New digital process supports applications for waiver of the shareholding test, while updated guidance reiterates rules on carry-forward, carry-back relief, and Group Relief for unutilised items.

Singapore’s Inland Revenue Authority of Singapore (IRAS) has introduced FormSG for Waiver of Shareholding Test Applications, alongside updated guidance on the treatment of Unutilised Items, including capital allowances, trade losses, and donations.

Unutilised items arise in a Year of Assessment (YA) where a company has insufficient income to fully utilise deductions. Companies may manage these amounts through three mechanisms: carry-forward to future YAs, carry-back relief to the immediate preceding YA (capped at SGD 100,000 for capital allowances and trade losses), or transfer under Group Relief to related entities.

Under existing rules, unutilised capital allowances and trade losses may be carried forward indefinitely, while unutilised donations are limited to a carry-forward period of up to five YAs. To qualify for carry-forward, companies must generally satisfy the shareholding test, which requires at least 50% commonality in shareholders and their shareholdings between relevant dates.
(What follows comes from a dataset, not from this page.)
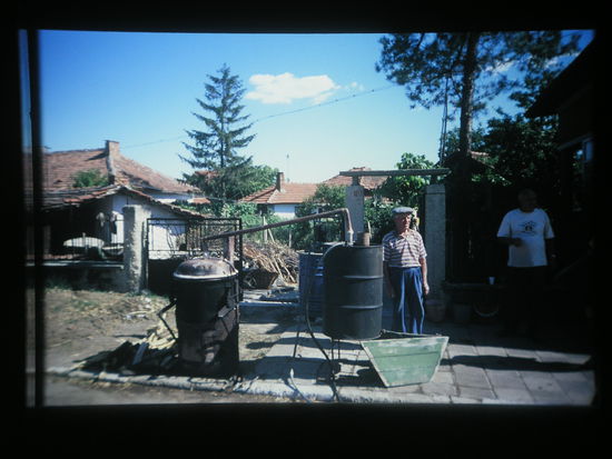 Hier gibt es geschäftiges bulgarisches Landleben zu fotografieren: Eselfuhrwerke fahren die Ernte ein, Kürbisse, Sonnenblumen, Heu und Melonen. Svetan hat schon köstliche Pfirsiche, Lampionfrüchte und Weintrauben für uns eingekauft. Der Clou aber ist ein rauchender Kessel, dessen Dampf abgefangen und destilliert wird. Kaum zu glauben, hier wird auf offener Straße Schnaps gebrannt. Wir dürfen kosten, sogar eine Brandprobe machen, 55 % stark ist der Brand auf jeden Fall. Der Schnapsbrenner posiert für diverse Fotos, danach bekommen wir noch einen direkt aus der sprudelnden Schnapsquelle. Schnapsbrennen ist in Bulgarien jedermann erlaubt, man müsse nur die Vorrichtungen dafür haben, sagt uns Anton. Diese hier funktioniert einwandfrei, einen Mengenkontrolle findet nicht statt - Alkoholsteuer scheint hier also unbekannt zu sein. Da dürfte alles, was wir bisher vorgesetzt bekamen, selbst gebraut und selbst gebrannt gewesen sein. Nun geht es auf Schleichwegen immer hinter Svetans Auto her zu unserem Hotel in Vidin, 92 km zeigt der Tacho für heute, unsere Bulgarientour ist zuende.

In addition, a same business test applies to unutilised capital allowances.

IRAS confirmed that companies may apply for a waiver of the shareholding test for unutilised trade losses and unutilised capital allowances where changes in ownership are due to genuine commercial reasons and not for the purpose of deriving any tax benefit or obtaining any tax advantage. Other qualifying circumstances include nationalisation, privatisation of a government-owned enterprise, or where the stocks of the company or its holding parent company are publicly listed and traded on a recognised Stock Exchange.

Applications for such waivers must now be submitted via FormSG.

The updated guidance also reiterates the prescribed order of deduction when offsetting unutilised items against current year income. Companies must first deduct unutilised capital allowances (from the earliest YA), followed by current year capital allowances, unutilised trade losses (earliest first), unutilised donations (within the five-year limit), and finally current year donations.

For compliance, companies are required to disclose amounts brought forward and carried forward in their Corporate Income Tax Return, with supporting tax computations detailing claims and remaining balances.